__Task instructions__.
Once the pictures are removed, restate the listing word for word.

__Given data__.

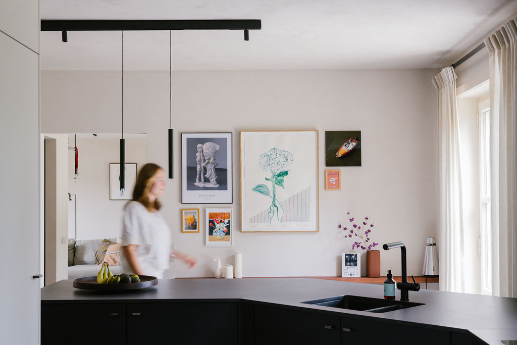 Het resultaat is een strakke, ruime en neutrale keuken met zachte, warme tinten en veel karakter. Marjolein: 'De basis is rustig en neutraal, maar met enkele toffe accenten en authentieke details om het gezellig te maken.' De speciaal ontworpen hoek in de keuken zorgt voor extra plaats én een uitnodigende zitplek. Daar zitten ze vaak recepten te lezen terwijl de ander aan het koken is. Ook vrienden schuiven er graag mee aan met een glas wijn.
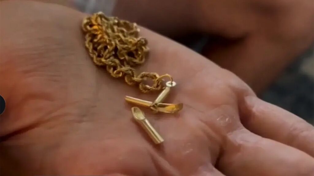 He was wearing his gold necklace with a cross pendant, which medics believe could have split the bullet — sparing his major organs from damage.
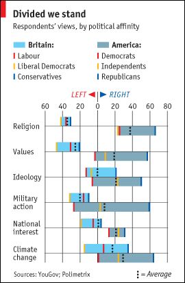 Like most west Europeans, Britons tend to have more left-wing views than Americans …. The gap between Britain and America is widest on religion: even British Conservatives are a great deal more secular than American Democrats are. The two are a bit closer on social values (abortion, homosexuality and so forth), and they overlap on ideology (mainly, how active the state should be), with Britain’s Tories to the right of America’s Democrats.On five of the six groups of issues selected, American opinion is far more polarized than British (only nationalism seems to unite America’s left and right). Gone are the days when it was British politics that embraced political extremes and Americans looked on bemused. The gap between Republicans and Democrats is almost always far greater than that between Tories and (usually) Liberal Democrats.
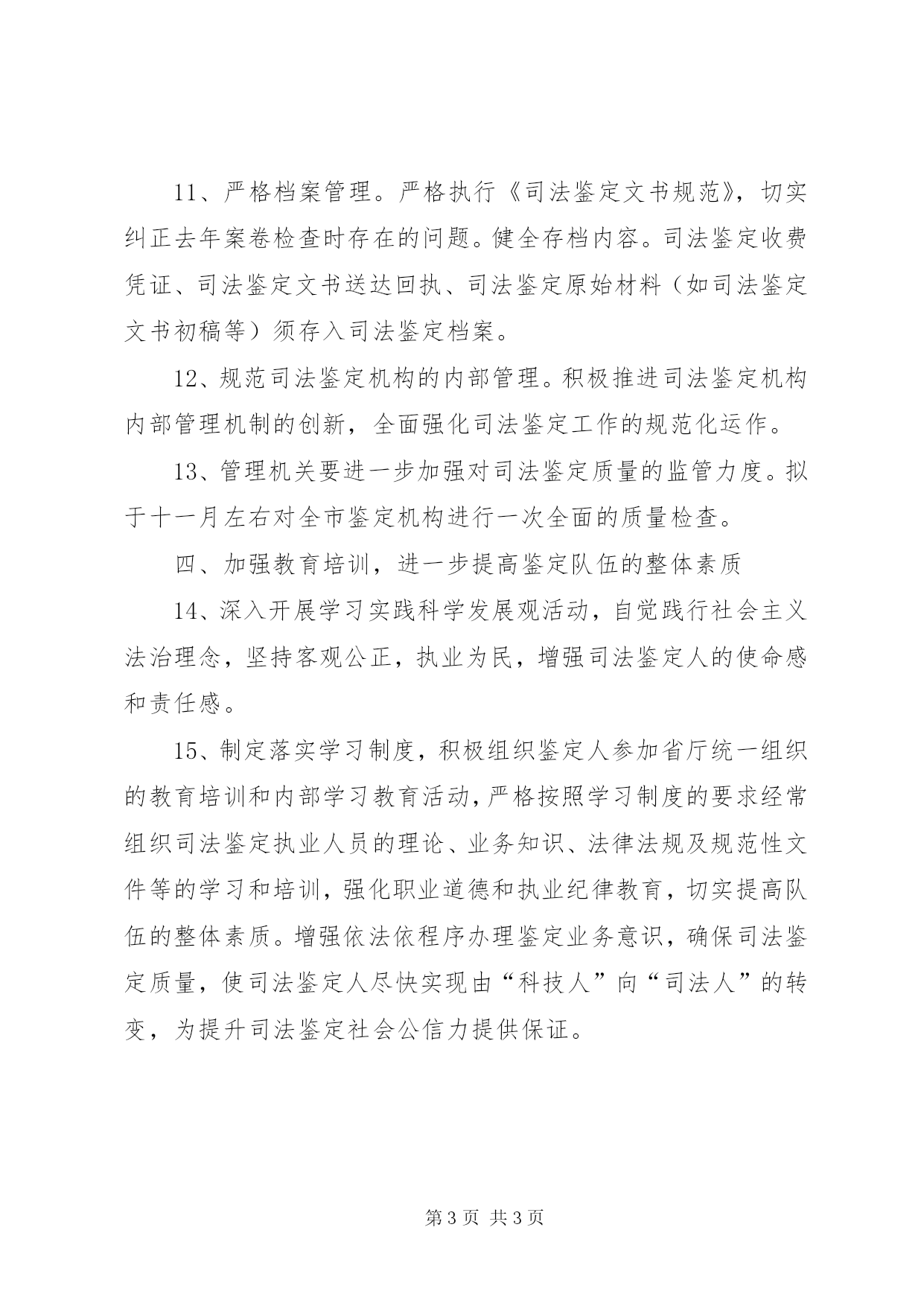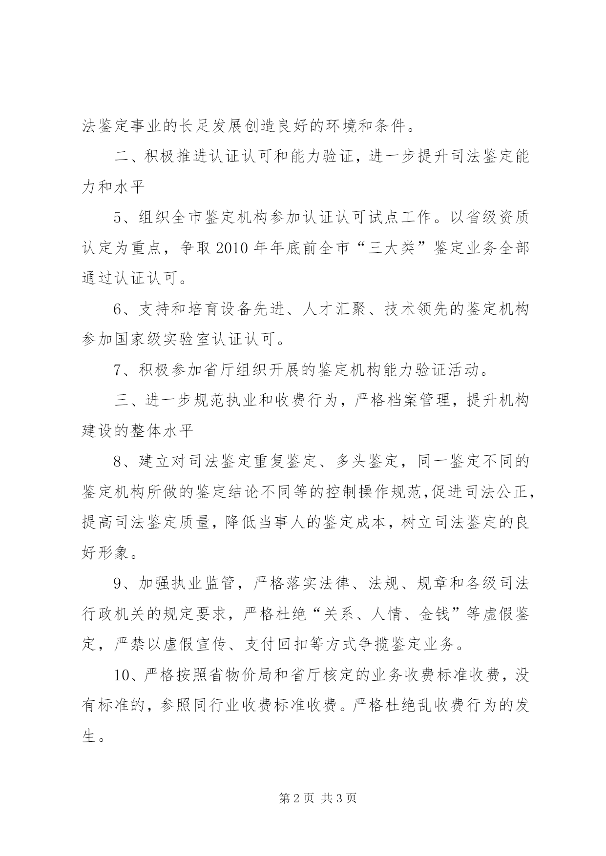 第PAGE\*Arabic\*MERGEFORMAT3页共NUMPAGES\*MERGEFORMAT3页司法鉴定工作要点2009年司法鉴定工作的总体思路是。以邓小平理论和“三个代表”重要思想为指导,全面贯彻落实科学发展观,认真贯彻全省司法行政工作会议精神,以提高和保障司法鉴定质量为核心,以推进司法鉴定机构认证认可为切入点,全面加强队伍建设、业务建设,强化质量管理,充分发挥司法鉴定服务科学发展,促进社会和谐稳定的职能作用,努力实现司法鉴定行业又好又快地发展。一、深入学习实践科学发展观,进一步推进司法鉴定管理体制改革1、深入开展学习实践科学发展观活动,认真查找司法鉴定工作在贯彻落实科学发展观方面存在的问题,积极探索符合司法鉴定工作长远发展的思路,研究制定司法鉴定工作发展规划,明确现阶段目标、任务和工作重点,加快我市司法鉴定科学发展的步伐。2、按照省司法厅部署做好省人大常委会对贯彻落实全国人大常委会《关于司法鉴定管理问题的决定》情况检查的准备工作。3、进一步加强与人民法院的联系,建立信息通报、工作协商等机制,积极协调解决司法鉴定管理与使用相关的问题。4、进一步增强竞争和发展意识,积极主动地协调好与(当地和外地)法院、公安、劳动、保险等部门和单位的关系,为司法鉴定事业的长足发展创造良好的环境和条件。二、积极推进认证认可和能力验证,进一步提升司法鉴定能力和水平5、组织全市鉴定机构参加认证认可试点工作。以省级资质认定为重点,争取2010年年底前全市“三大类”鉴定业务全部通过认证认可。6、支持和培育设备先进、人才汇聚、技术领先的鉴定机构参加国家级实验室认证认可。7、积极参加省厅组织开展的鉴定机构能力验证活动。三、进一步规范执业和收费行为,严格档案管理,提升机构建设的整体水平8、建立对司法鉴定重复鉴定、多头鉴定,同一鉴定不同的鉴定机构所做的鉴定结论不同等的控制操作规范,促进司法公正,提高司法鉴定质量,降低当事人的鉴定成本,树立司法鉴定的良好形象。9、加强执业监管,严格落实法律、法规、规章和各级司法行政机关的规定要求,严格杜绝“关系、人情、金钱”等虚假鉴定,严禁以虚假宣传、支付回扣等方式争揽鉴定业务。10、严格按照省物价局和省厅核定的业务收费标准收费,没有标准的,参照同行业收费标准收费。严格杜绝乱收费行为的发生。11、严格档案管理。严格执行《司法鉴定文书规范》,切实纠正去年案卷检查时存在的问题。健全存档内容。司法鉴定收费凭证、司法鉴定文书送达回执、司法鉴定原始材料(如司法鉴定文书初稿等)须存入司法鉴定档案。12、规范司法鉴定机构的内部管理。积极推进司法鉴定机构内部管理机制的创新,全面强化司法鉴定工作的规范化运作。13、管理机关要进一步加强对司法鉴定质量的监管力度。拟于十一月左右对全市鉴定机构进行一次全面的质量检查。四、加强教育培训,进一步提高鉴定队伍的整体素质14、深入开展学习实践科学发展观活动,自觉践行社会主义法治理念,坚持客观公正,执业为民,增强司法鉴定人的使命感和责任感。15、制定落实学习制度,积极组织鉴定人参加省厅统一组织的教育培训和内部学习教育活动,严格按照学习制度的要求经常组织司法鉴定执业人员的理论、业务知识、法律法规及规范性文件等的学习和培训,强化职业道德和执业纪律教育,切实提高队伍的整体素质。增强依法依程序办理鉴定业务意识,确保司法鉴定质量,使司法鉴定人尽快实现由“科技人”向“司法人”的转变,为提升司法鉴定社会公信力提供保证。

__Output for this task__.
 Het resultaat is een strakke, ruime en neutrale keuken met zachte, warme tinten en veel karakter. Marjolein: 'De basis is rustig en neutraal, maar met enkele toffe accenten en authentieke details om het gezellig te maken.' De speciaal ontworpen hoek in de keuken zorgt voor extra plaats én een uitnodigende zitplek. Daar zitten ze vaak recepten te lezen terwijl de ander aan het koken is. Ook vrienden schuiven er graag mee aan met een glas wijn.
 He was wearing his gold necklace with a cross pendant, which medics believe could have split the bullet — sparing his major organs from damage.
 Like most west Europeans, Britons tend to have more left-wing views than Americans …. The gap between Britain and America is widest on religion: even British Conservatives are a great deal more secular than American Democrats are. The two are a bit closer on social values (abortion, homosexuality and so forth), and they overlap on ideology (mainly, how active the state should be), with Britain’s Tories to the right of America’s Democrats.On five of the six groups of issues selected, American opinion is far more polarized than British (only nationalism seems to unite America’s left and right). Gone are the days when it was British politics that embraced political extremes and Americans looked on bemused. The gap between Republicans and Democrats is almost always far greater than that between Tories and (usually) Liberal Democrats.
 第PAGE\*Arabic\*MERGEFORMAT3页共NUMPAGES\*MERGEFORMAT3页司法鉴定工作要点2009年司法鉴定工作的总体思路是。以邓小平理论和“三个代表”重要思想为指导,全面贯彻落实科学发展观,认真贯彻全省司法行政工作会议精神,以提高和保障司法鉴定质量为核心,以推进司法鉴定机构认证认可为切入点,全面加强队伍建设、业务建设,强化质量管理,充分发挥司法鉴定服务科学发展,促进社会和谐稳定的职能作用,努力实现司法鉴定行业又好又快地发展。一、深入学习实践科学发展观,进一步推进司法鉴定管理体制改革1、深入开展学习实践科学发展观活动,认真查找司法鉴定工作在贯彻落实科学发展观方面存在的问题,积极探索符合司法鉴定工作长远发展的思路,研究制定司法鉴定工作发展规划,明确现阶段目标、任务和工作重点,加快我市司法鉴定科学发展的步伐。2、按照省司法厅部署做好省人大常委会对贯彻落实全国人大常委会《关于司法鉴定管理问题的决定》情况检查的准备工作。3、进一步加强与人民法院的联系,建立信息通报、工作协商等机制,积极协调解决司法鉴定管理与使用相关的问题。4、进一步增强竞争和发展意识,积极主动地协调好与(当地和外地)法院、公安、劳动、保险等部门和单位的关系,为司法鉴定事业的长足发展创造良好的环境和条件。二、积极推进认证认可和能力验证,进一步提升司法鉴定能力和水平5、组织全市鉴定机构参加认证认可试点工作。以省级资质认定为重点,争取2010年年底前全市“三大类”鉴定业务全部通过认证认可。6、支持和培育设备先进、人才汇聚、技术领先的鉴定机构参加国家级实验室认证认可。7、积极参加省厅组织开展的鉴定机构能力验证活动。三、进一步规范执业和收费行为,严格档案管理,提升机构建设的整体水平8、建立对司法鉴定重复鉴定、多头鉴定,同一鉴定不同的鉴定机构所做的鉴定结论不同等的控制操作规范,促进司法公正,提高司法鉴定质量,降低当事人的鉴定成本,树立司法鉴定的良好形象。9、加强执业监管,严格落实法律、法规、规章和各级司法行政机关的规定要求,严格杜绝“关系、人情、金钱”等虚假鉴定,严禁以虚假宣传、支付回扣等方式争揽鉴定业务。10、严格按照省物价局和省厅核定的业务收费标准收费,没有标准的,参照同行业收费标准收费。严格杜绝乱收费行为的发生。11、严格档案管理。严格执行《司法鉴定文书规范》,切实纠正去年案卷检查时存在的问题。健全存档内容。司法鉴定收费凭证、司法鉴定文书送达回执、司法鉴定原始材料(如司法鉴定文书初稿等)须存入司法鉴定档案。12、规范司法鉴定机构的内部管理。积极推进司法鉴定机构内部管理机制的创新,全面强化司法鉴定工作的规范化运作。13、管理机关要进一步加强对司法鉴定质量的监管力度。拟于十一月左右对全市鉴定机构进行一次全面的质量检查。四、加强教育培训,进一步提高鉴定队伍的整体素质14、深入开展学习实践科学发展观活动,自觉践行社会主义法治理念,坚持客观公正,执业为民,增强司法鉴定人的使命感和责任感。15、制定落实学习制度,积极组织鉴定人参加省厅统一组织的教育培训和内部学习教育活动,严格按照学习制度的要求经常组织司法鉴定执业人员的理论、业务知识、法律法规及规范性文件等的学习和培训,强化职业道德和执业纪律教育,切实提高队伍的整体素质。增强依法依程序办理鉴定业务意识,确保司法鉴定质量,使司法鉴定人尽快实现由“科技人”向“司法人”的转变,为提升司法鉴定社会公信力提供保证。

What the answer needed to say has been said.